And it's that lack of genuine connectedness with WW2 in the original story that means it can be set in other eras without necessarily ruining it — even possibly in 2025, if Gerwig wants to increase the canonical time gap between MN and LWW. That brings other issues, of course, to do with how modern-day children might handle being pulled into a medieval-style fantasy world with no modern technology and internet connectivity.
I subscribe to the newsletter from Oxford Centre For Fantasy (info@projectnorthmoor.org). They focus a lot on Tolkien and Lewis. Their newsletter from 24 October was titled "Greta Gerwig's Narnia". They have an interesting suggestion related to the changing of the timeline.
We are wondering if what Gerwig wants to say is actually about The Lion, the Witch and the Wardrobe. As The Magician's Nephew is a prequel in the professor's youth, that makes LWW a contemporary story.
Here's the prediction - no evacuation. Gerwig might instead choose to make it a pandemic story of children shut up in a big country house in isolation during Covid.
We'll be interested to see if we are right. It is what we would do if we gave ourselves the starting point of 1955 and it would give Gerwig's LWW something new to tackle.
It could make sense.
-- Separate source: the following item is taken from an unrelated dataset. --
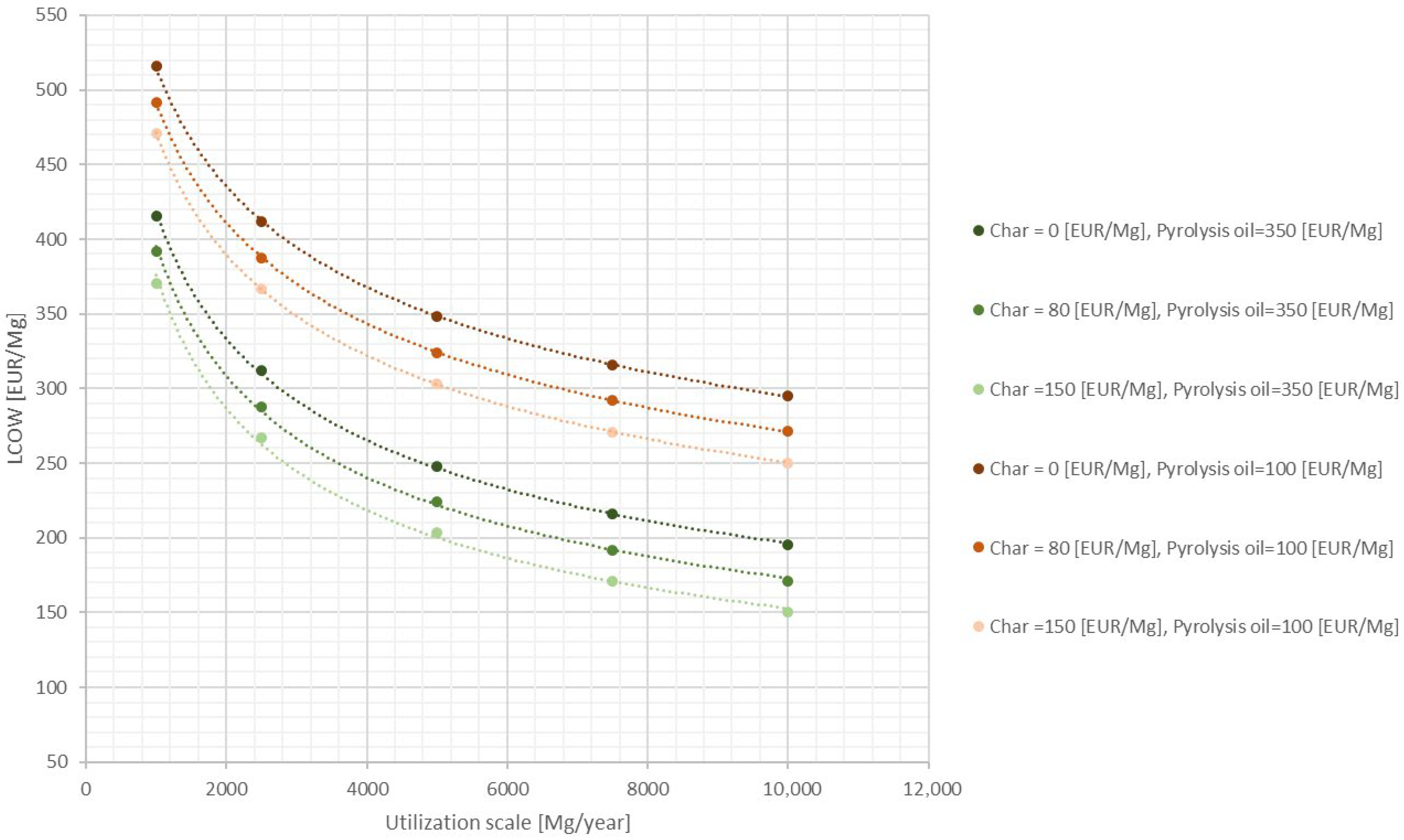 - optimistic scenario: EUR 150/Mg, as a product with properties similar to biochar or low-grade industrial activated carbon.

Isolation during Covid would be a valid reason for the children to stay in the countryside. And if Digory was 11 in 1955, he would be in his late seventies during Covid (and could be more of a "very old " professor).
That would indeed be something new for LWW. The contrast to a medieval-style fantasy world might well be even greater from our time than from the middle of last century.
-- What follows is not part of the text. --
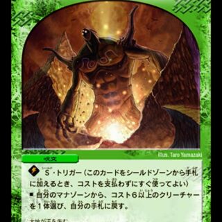 闇文明との戦いが激しい中、なぜマスタークリーチャーのオヴ・シディアは火文明へと進撃するのか…。まぁ、後方支援部隊の私には関係ないことだがな。 — 献身の守り 最世
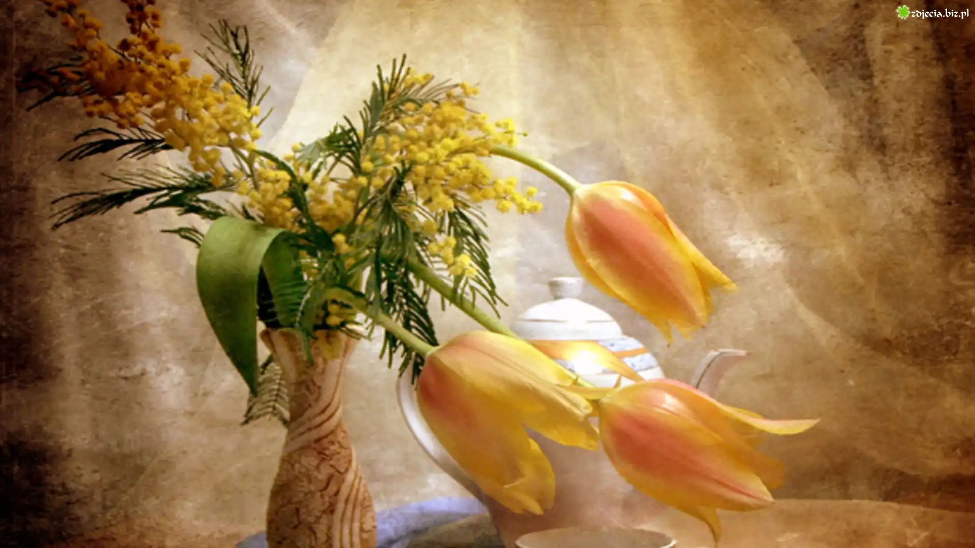 Zdjęcie Tulipany, Wazon, Dzbanek

(avi artwork by Henning Janssen)
We are wondering if what Gerwig wants to say is actually about The Lion, the Witch and the Wardrobe. As The Magician's Nephew is a prequel in the professor's youth, that makes LWW a contemporary story.
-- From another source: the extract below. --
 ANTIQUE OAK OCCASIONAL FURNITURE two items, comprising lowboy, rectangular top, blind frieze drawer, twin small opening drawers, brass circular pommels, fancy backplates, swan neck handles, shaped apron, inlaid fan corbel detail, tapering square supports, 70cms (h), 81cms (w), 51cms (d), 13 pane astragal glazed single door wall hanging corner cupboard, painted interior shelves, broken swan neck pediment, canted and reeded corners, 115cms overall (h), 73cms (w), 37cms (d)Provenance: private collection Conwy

Here's the prediction - no evacuation. Gerwig might instead choose to make it a pandemic story of children shut up in a big country house in isolation during Covid.
I remember somebody here on NarniaWeb making a similar suggestion some time ago in an earlier discussion about the idea of LWW being set in the present day, well before we knew anything about the 1955 setting for the upcoming adaptation of MN.
The Covid idea could work, if it's made clear that the children were already staying at the Professor's house without their parents, for whatever reasons, at the time when the lockdown was declared. We had this debate in the other discussion, because it was suggested that they could be sent to the Professor's house because of the pandemic and the isolation rules and all that. That absolutely would not work. I was living here in the UK at that time and I can say categorically, if they were not at the Professor's house already, they would not have been allowed to travel there. The implementation of the first lockdown was really swift and no excuses were allowed (except for certain figures in the government who somehow managed to have the rules bent for themselves, but that's another matter entirely  
 ).
Whether or not that particular scenario happens in the next Narnia film (and whether or not it's done convincingly if it is), I'm inclined to agree overall — I'm also suspecting that the main reason for setting MN in 1955 is that Gerwig is planning to set LWW in the present day or the recent past. After all, that is the inevitable result of the period change for MN.
I don't know exactly what LWW would gain from being set in modern times, and I don't think it's necessary and I can't see that it would do anything to enhance the plot. But I'll certainly watch it (and MN) out of curiosity, even if I'm not hopeful that I'll like the results.
"Now you are a lioness," said Aslan. "And now all Narnia will be renewed."